On a Mission: The Institutionalising of Aboriginal Children

March 01, 2015 1 Comment

On a Mission: The Institutionalising of Aboriginal Children

Missionaries … helped to grow us up … Most of them did their best and I'm glad they taught me. Now I can speak for myself.

 (Nanjiwarra Amagula, Angurugu, Groote Eylandt, 1997)[1]

 Groote Eylandt elder Nanjiwarra was educated at the mission school.  His was a different, more positive experience of Christian missionaries than the adverse experiences which receive much media attention.

Because of growing awareness of the injustices meted out to Aboriginal Australians, the words ‘mission’ and ‘missionary’ have gained negative connotations, a criticism occasionally—but not always—deserved. The history of Aboriginal and European interaction in Australia certainly includes the ‘stolen generations’. But history is far more complex than that.

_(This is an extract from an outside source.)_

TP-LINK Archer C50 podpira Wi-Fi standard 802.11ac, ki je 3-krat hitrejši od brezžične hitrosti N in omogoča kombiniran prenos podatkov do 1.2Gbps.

‘The stolen generations’, a phrase now familiar to most Australians, speaks of the suffering and sometimes permanent damage caused to Aboriginal children unjustly removed from their families and frequently raised in institutions. The extent of this practice only became widely known through the 1995-97 National Inquiry into the Separation of Aboriginal and Torres Strait Islander Children from their Families. Its report, Bringing Them Home, was released in 1997.[2]

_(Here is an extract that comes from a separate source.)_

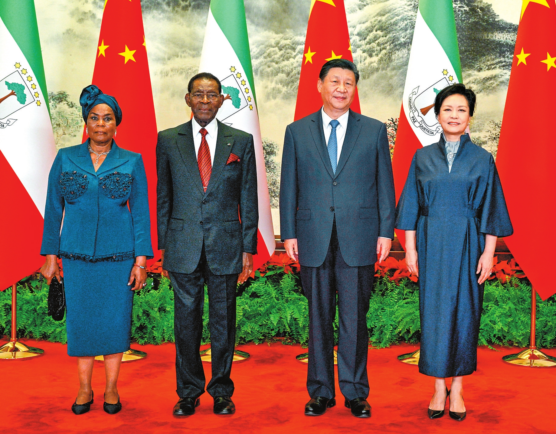 习近平指出,中国同赤道几内亚是肝胆相照的好朋友、好伙伴,高水平政治互信是两国关系的最鲜明特征。建交半个多世纪以来,双方始终守望相助、风雨同舟,在涉及彼此核心利益和重大关切问题上坚定相互支持,成为中国同非洲国家真诚友好、携手发展的生动写照。新形势下,巩固好、发展好中国同赤道几内亚关系符合两国和两国人民的根本利益和共同期待。中方坚定支持赤道几内亚维护国家主权独立、反对外来干涉、自主探索本国发展道路,愿同赤道几内亚以提升全面战略合作伙伴关系为契机,进一步密切各领域、各层级友好往来,深入开展改革发展、脱贫攻坚等领域经验交流,为两国传统友好注入持久动力。

Most Australians are now aware of the injustice and racism which drove these restrictive practices. Politicians and public servants who developed racist policies towards indigenous people deserve our criticism. So do those who, in the name of those policies, acted with cruelty and inhumanity towards Aboriginal children. This includes some missionaries, but it also includes a far larger number of police officers, government officials and staff of Government-owned reserves and children’s homes. Furthermore, unless care is taken with complex historical data, missions can be the unintended victims of misinformation.

Hand shadows

Recently the Aboriginal walkout from Cummeragunja in 1939 was mentioned in the media but wrongly referred to as ‘leaving the mission’. References to the 1939 Aboriginal protest often call Cummeragunja a ‘mission’. The problem is that Cummeragunja, once part of the Christian Maloga Mission was no longer a mission but a Government institution. Its history is complex but the people who walked off Cummeragunja were leaving an oppressive, unhealthy, restrictive institution which belonged to the NSW Government, not a church. This misunderstanding is exacerbated by the tendency of some Aboriginal people to call all institutions for Aboriginal people ‘missions’.  The first institutions for Aboriginal people were usually missions and the label has stuck.

Another recent example of how Aboriginal history can be misunderstood and therefore misjudged is the story of the Methodist Church’s Croker Island Mission. These ‘Stolen Generation’ children were mixed-race Aboriginal children. Government policy was that they should be raised in an institution. Government officers, not missionaries, removed the children. The Methodist Mission agreed to receive the children. Missionaries were responsible for the care of the children, not their removal. These children have recently gained publicity from the film Croker Island Exodus, the story of the children’s escape from the wartime Japanese threat in the care of young missionary Margaret Somerville. The now-elderly Aboriginal women have good memories of life on the mission and clearly recalled Margaret Somerville with great affection. [3]

The institutionalising of Aboriginal children.[4]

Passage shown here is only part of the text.